## Brief
As an exercise in exact copying, transcribe the lines below from the one holding "is something classical" through the last, with both ends included and pictures left out.

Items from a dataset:
[Start of section]
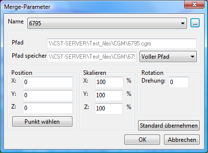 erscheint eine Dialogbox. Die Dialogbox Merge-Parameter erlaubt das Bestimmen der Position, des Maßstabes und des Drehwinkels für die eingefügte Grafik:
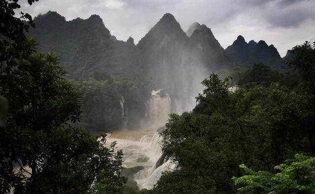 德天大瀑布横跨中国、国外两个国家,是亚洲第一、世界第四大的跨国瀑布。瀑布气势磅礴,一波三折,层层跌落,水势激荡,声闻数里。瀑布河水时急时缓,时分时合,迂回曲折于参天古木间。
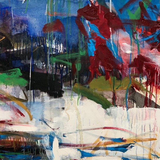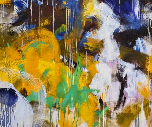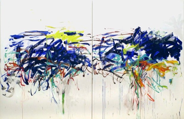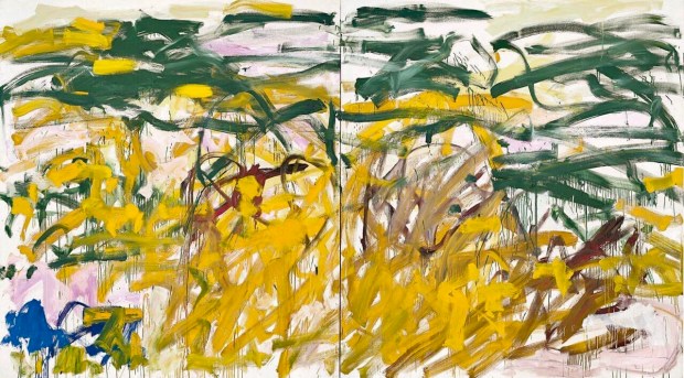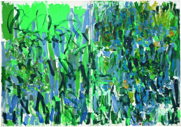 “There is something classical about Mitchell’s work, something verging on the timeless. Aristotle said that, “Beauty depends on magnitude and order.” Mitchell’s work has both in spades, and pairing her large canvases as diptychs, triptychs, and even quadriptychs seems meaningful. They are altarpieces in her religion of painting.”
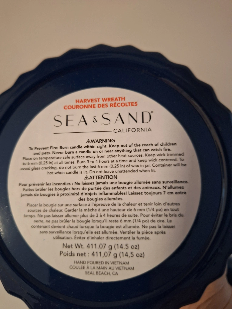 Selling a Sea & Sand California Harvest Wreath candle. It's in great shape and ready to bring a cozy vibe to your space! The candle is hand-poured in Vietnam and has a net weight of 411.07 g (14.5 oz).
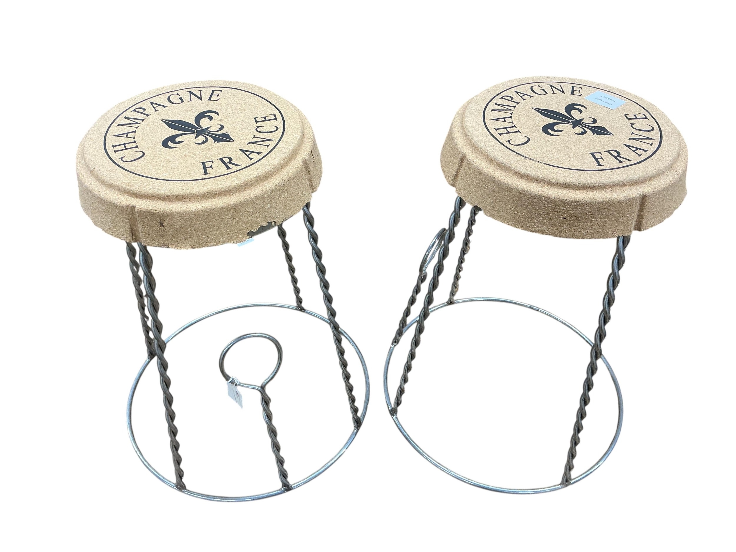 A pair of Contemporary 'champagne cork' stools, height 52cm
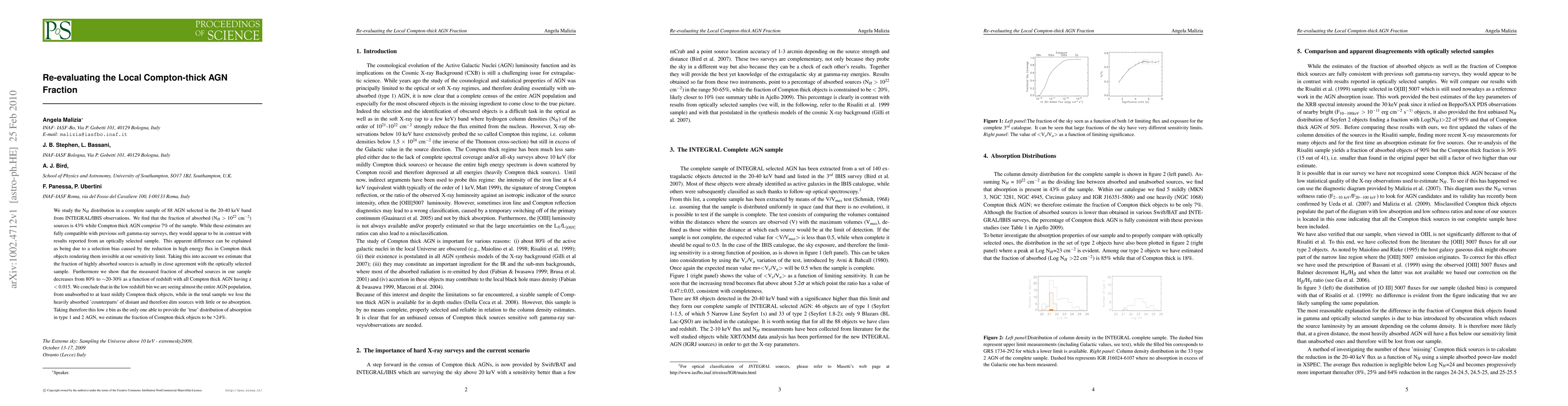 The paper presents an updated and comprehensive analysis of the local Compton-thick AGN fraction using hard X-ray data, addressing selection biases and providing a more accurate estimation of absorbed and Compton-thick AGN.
[End of section]
## Exercise response
 “There is something classical about Mitchell’s work, something verging on the timeless. Aristotle said that, “Beauty depends on magnitude and order.” Mitchell’s work has both in spades, and pairing her large canvases as diptychs, triptychs, and even quadriptychs seems meaningful. They are altarpieces in her religion of painting.”
 Selling a Sea & Sand California Harvest Wreath candle. It's in great shape and ready to bring a cozy vibe to your space! The candle is hand-poured in Vietnam and has a net weight of 411.07 g (14.5 oz).
 A pair of Contemporary 'champagne cork' stools, height 52cm
 The paper presents an updated and comprehensive analysis of the local Compton-thick AGN fraction using hard X-ray data, addressing selection biases and providing a more accurate estimation of absorbed and Compton-thick AGN.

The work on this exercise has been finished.